New preprint: "Sensorimotor distance: A fully grounded measure of semantic similarity for 800 million concept pairs"

Together with my colleague and lab PILouise Connell, I have developed a new measure of semantic distance between concepts. It is based on the senses and body parts involved in experiencing those concepts — in other words it is fully grounded in sensorimotor experience. This sets it aside from other measures of semantic distance, such as those based on distributions of words in language, on encyclopaedic databases, or on lists of properties or features. It also is fairly comprehensive (thanks to the expansive norms collected by colleagues), with distances available for nearly 800,000,000 pairs of concepts.

Two panels. Both show arrangement of dots labelled with concepts. Left panel: select nouns for tools, emotions, fruit and celestial objects. Right panel: select verbs for leg, hand, mouth and cognitive actions
Left panel: select nouns for tools, emotions, fruit and celestial objects. Right panel: select verbs for leg, hand, mouth and cognitive actions. Within each panel, positions are based on sensorimotor distances between concepts, transformed into two dimensions using Sammon mapping.

The measure is described in a new preprint, and you can search, visualise and play around with the distances (e.g. the above image) using an online app I also developed.

Let us know if you do anything cool with it!

New preprint: "Linguistic Distributional Knowledge and Sensorimotor Grounding both Contribute to Semantic Category Production"

My colleagues Briony Banks, Louise Connell and I recently submitted a paper reporting research we've been doing at Lancaster University over the last year.

Needless to say, the Covid-19 lockdowns in the UK have been a substantial impediment to this work, so it's really good to see it finally complete.

A figure taken from the paper preprint. The computational model has two components, "linguistic" and "sensorimotor". The linguistic component is illustrated by colour spreading through a network of connected concepts ("animal", "husbandry", "horse", "cow", etc.). The sensorimotor component is illustrated with bubbles of colour growing and popping, creating new circles as they meet new points in the space ("animal", "cat", "rain", etc.). In the centre, the list of all concepts reached in either component are listed.
Schematic illustration of the computational model operating for an example category.

New preprint: "Understanding the role of linguistic distributional knowledge in cognition"

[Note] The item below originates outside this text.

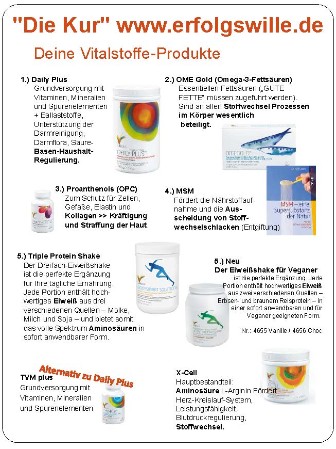 Zu der Wirkungsweise dieser Produkte sowie anderer Produkte, mit denen Sie Ihren Körper unterstützen können, erhalten Sie weitere Hinweise durch Ihren Betreuer/Sponsor.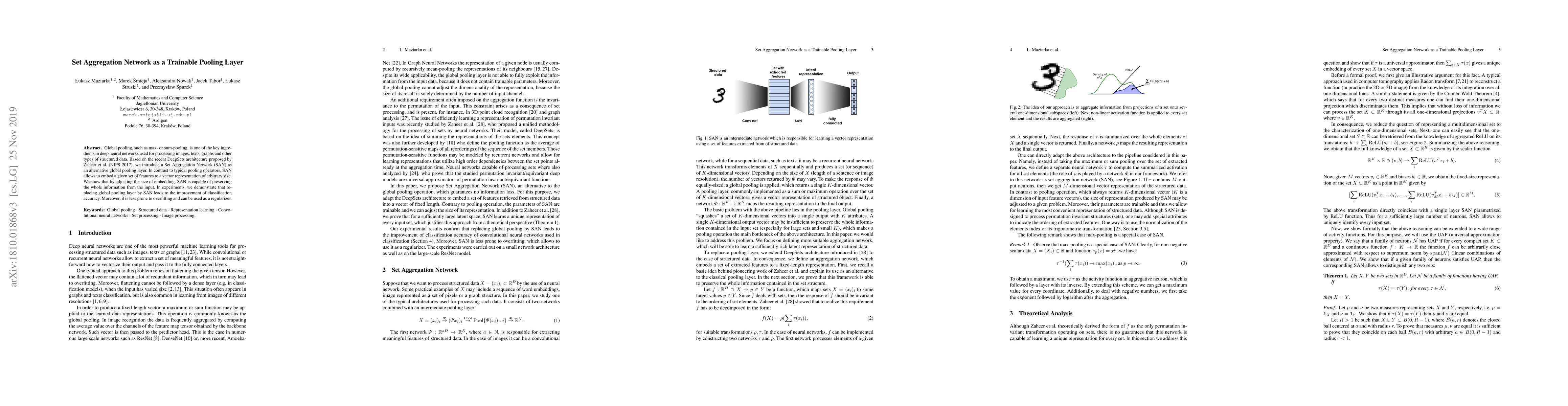 The paper proposes a Set Aggregation Network (SAN) as an alternative global pooling layer, which can embed sets of features to vector representations of arbitrary sizes, preserving input information. Experiments show that SAN improves classification accuracy and reduces overfitting compared to traditional pooling methods.

I have recently submitted a paper based on some work I have been doing at my job at the Embodied Cognition Lab at Lancaster University. In it, we look at a large set of linguistic distributional models commonly used in cognitive psychology, evaluating each on a benchmark behavioural dataset.

Linguistic distributional models are computer models of knowledge, which learn representations of words and their associations from statistical regularities in huge collections of natural language text, such as databases of TV subtitles. The idea is that, just like people, these algorithms can learn something about the meanings of words by only observing how they are used, rather than through direct experience of their referents. To the degree that they do, they can then be used to model the kind of knowledge which people could gain in the same way. These models can be made to perform various tasks which rely on language, or predict how humans will perform these tasks under experimental conditions, and in this way we can evaluate them as models of human semantic memory.

We show, perhaps unsurprisingly*, that different kinds of models are better or worse at capturing different aspects of human semantic processes.

A preprint of the report is available on Psyarxiv.

*unsurprising to you as you read this, perhaps, but actually this is the largest systematic comparison of models as-yet undertaken, and thereby the first to actually effectively weigh the evidence on this question.